Wednesday, August 03, 2011

Doing Hard Time

Can you imagine being in a supermax prison not for what you did, but for who you are. In the penal system many trans-people find themselves in a supermax prison or in solitary confinement, only being let out of their cell for one hour a day. They are put in supermax prisons or solitary confinement that is usually reserved for harden criminals or as punishment because the correction officials do not want to bother with dealing with trans-prisoners.
Clinic Can't Dodge Suit by Transgender Addict
Courthouse News Service
By Adam Klasfeld
August 2, 2011

MANHATTAN (CN) - The Phoenix House drug rehabilitation center must stand trial against a transgender client who says she has to spend 2 1/2 years in a supermax, all-male prison because the program kicked her out, a federal judge ruled.
Sabire Wilson was arrested for drug possession in March 2008 and later accepted a plea agreement to enter a drug-treatment program rather than face prison time. She said that she selected Phoenix House because it represented itself as gay- and lesbian-friendly, and she told the admissions counselor that she was biologically male.
The counselor allegedly told Wilson she could sign up for the Brooklyn branch of the Phoenix House, as long as she used male dormitories and bathrooms. Wilson agreed on the condition that staff let her dress and appear female.
[…]
After impressing counselors with her progress, Wilson said they made her a resident structure senior coordinator.
She was in a women’s counseling group when some of the women complained about her being there and that was when her problems began, the Phoenix House director Sydney Hargrove kicked her out of the Phoenix House even though...
Thirty-eight men and women in her unit eventually signed a petition calling Wilson a "valued member of this unit," who has "earned the respect of the community."
She is currently severing the rest of her sentence at Southport Correctional Facility, a supermax, all-male prison in Pine City, N.Y.

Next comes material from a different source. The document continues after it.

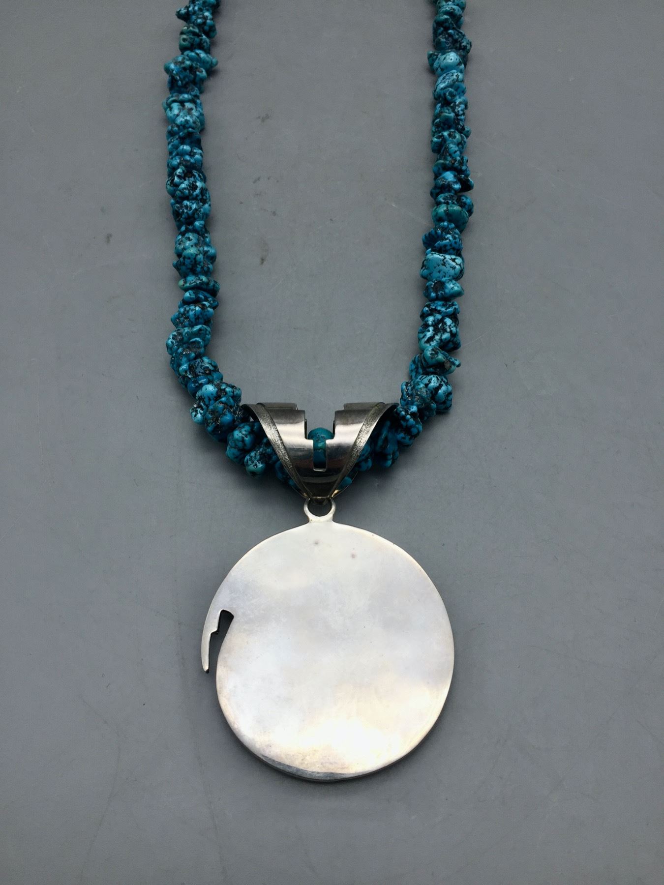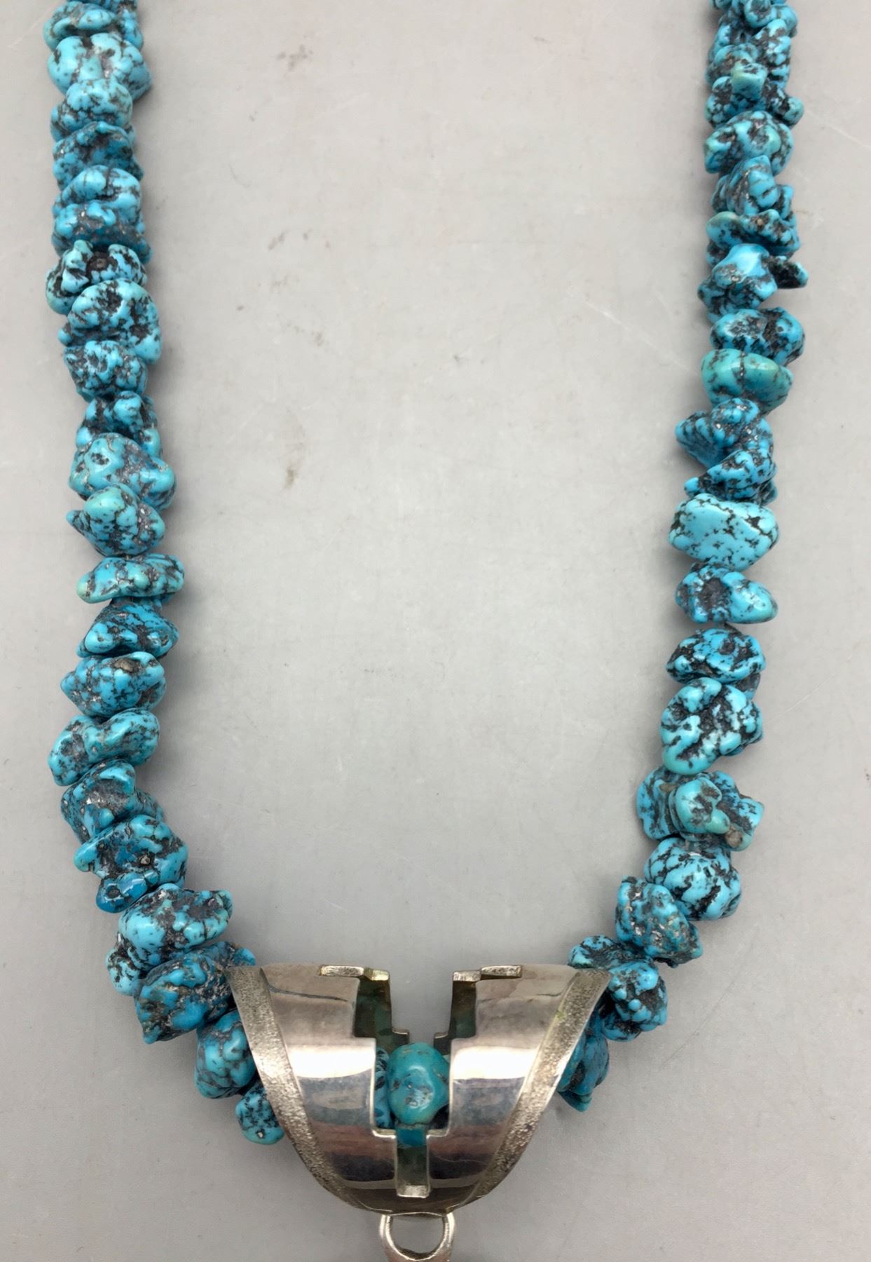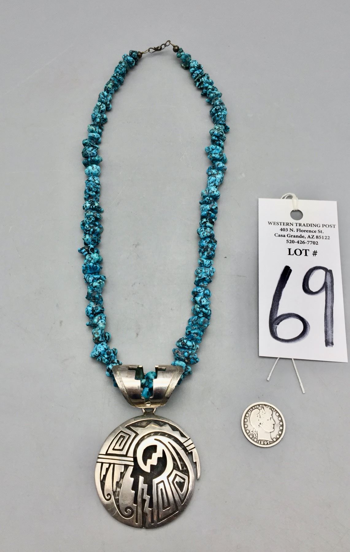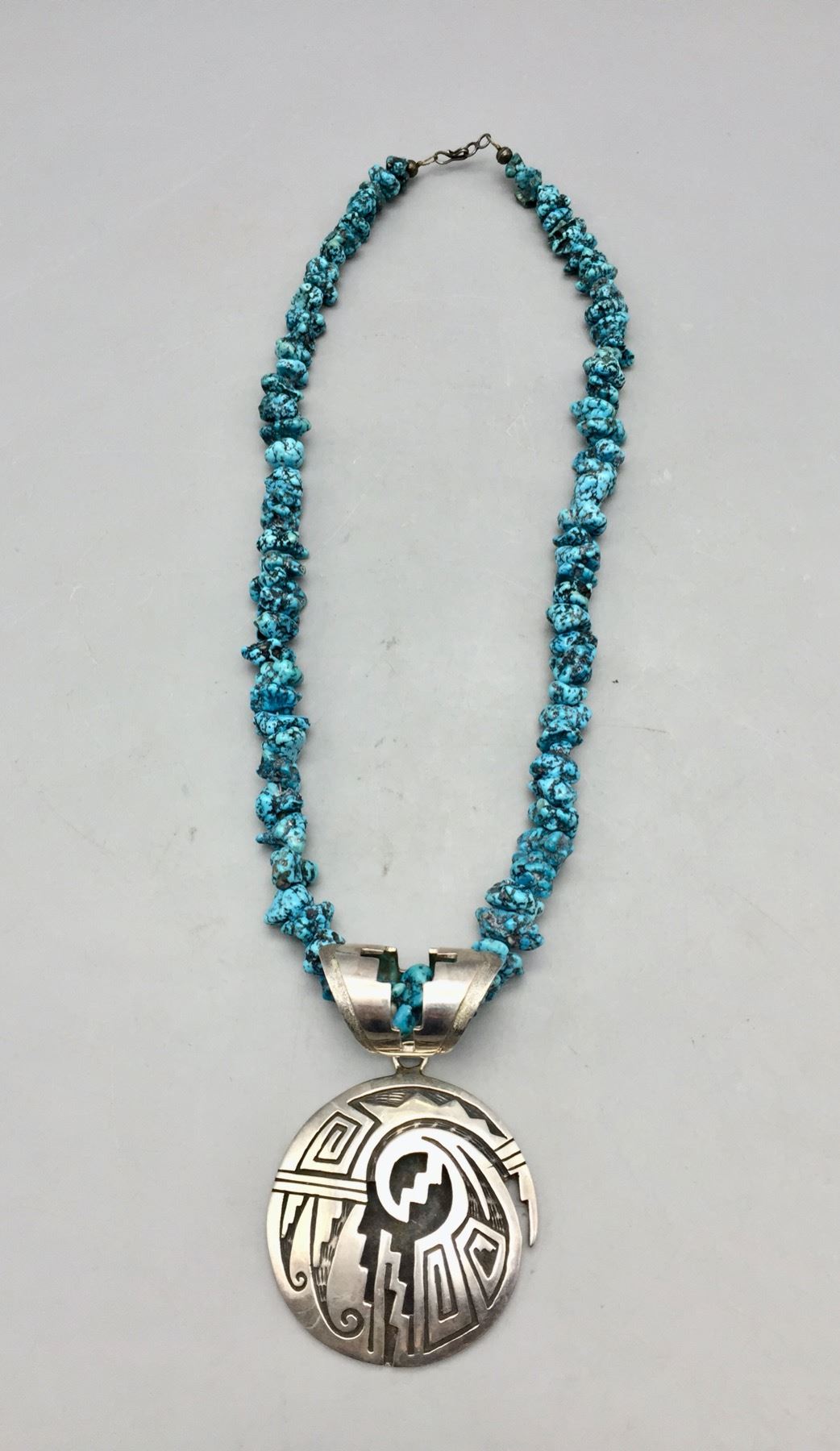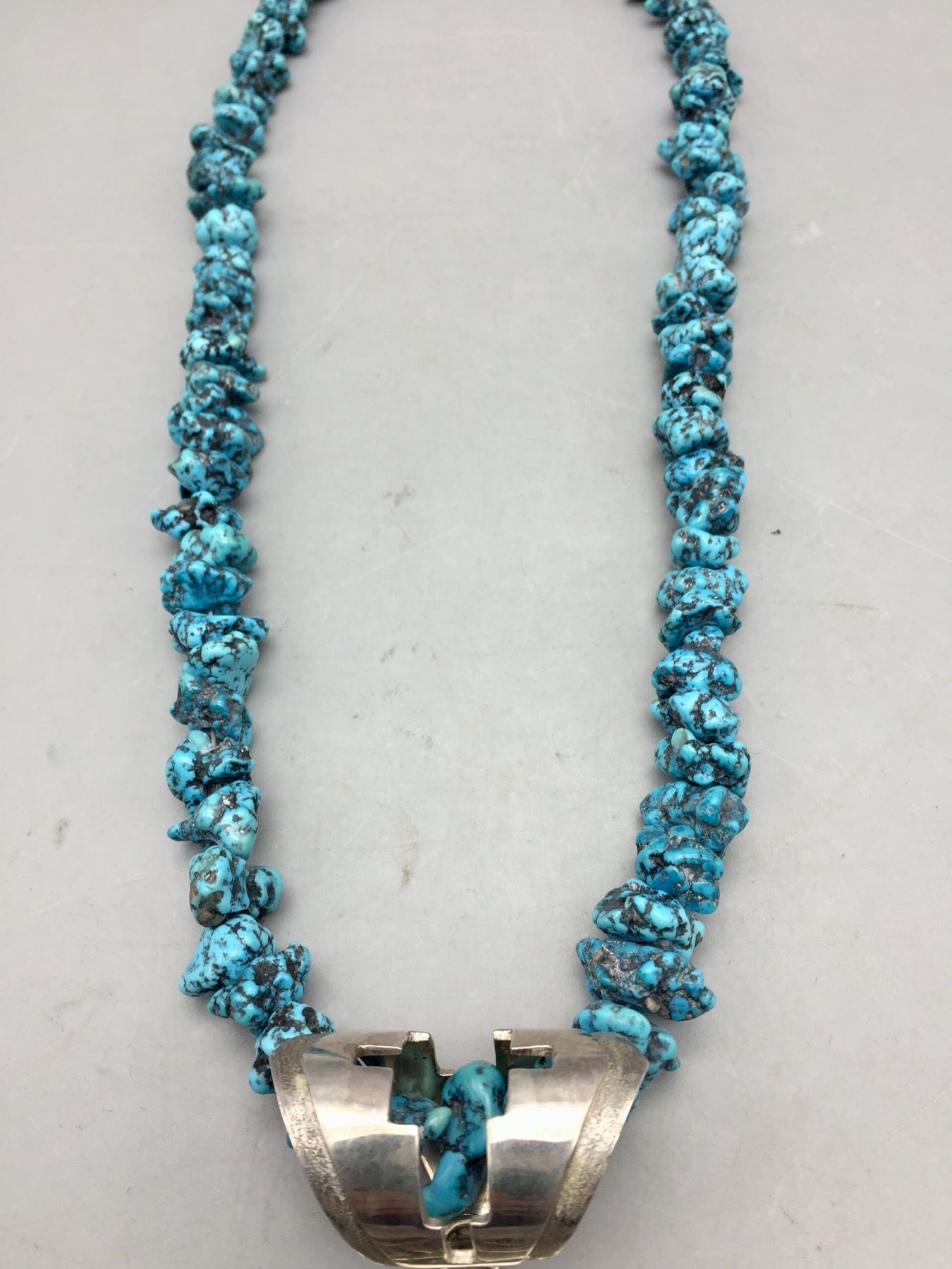 Description: Offered for sale in this lot is a turquoise and sterling silver necklace that has a gorgeous sterling silver pendant on a turquoise nugget necklace. Maker: Unknown. Approx. Age: Modern. Size: Fits a 22 inch neck. Pendant measures 3-1/4 inches long x 2-1/4 inches wide. Weighs 144.2 grams. Condition: Good for its age, minor wear expected. Please look closely at the pictures - they are an important part of our description. Shipping: There will be a $5 handling, packaging fee for shipping this lot. The actual cost of postage will be added on top of that.

This is not the only case where trans-prisoners are punished just because they are transgender. In Virginia a trans-woman was placed in solitary confinement just because of who she is, not what she had done.
What is left: solitary confinement
Women In and Beyond the Global
Jan 8th, 2010
By admin.

Maria Benita Santamaria is a 35 year old transgender woman. In June 2009, she was arrested in northern Virginia and charged with possession of methamphetamine. In August she pleaded guilty. She was sent to Central Virginia Regional Jail, a men’s prison. The prison placed her in solitary confinement, for “her own protection”. At the end of December, a U.S. District Judge ordered her removed to a federal prison with treatment facilities and counseling for transgender prisoners. When the holiday seasons intruded, the judge had Santamaria placed in a medical wing until after the end of the festive season. After six months in solitary, what is left?

Update: August 5, 2011

ACLU Press Release
Federal Court Upholds Transgender People’s Right to Access Medical Treatment in Prison

CHICAGO – The U.S. Court of Appeals for the Seventh Circuit today upheld the right of transgender people to receive medical care while they are incarcerated. The American Civil Liberties Union, the ACLU of Wisconsin and Lambda Legal had challenged a Wisconsin law that prohibited prison doctors from prescribing hormone treatment or sex reassignment surgery to transgender inmates.

“This was a discriminatory law that cruelly singled out transgender people by denying them – and only them – the medical care they need,” said John Knight, senior staff attorney with the ACLU Lesbian Gay Bisexual and Transgender Project. “Too often the medical needs of transgender persons are not treated as the serious health issues that they are. We are glad that the appeals court has found that medical professionals, not the Wisconsin legislature, should make medical decisions for inmates.”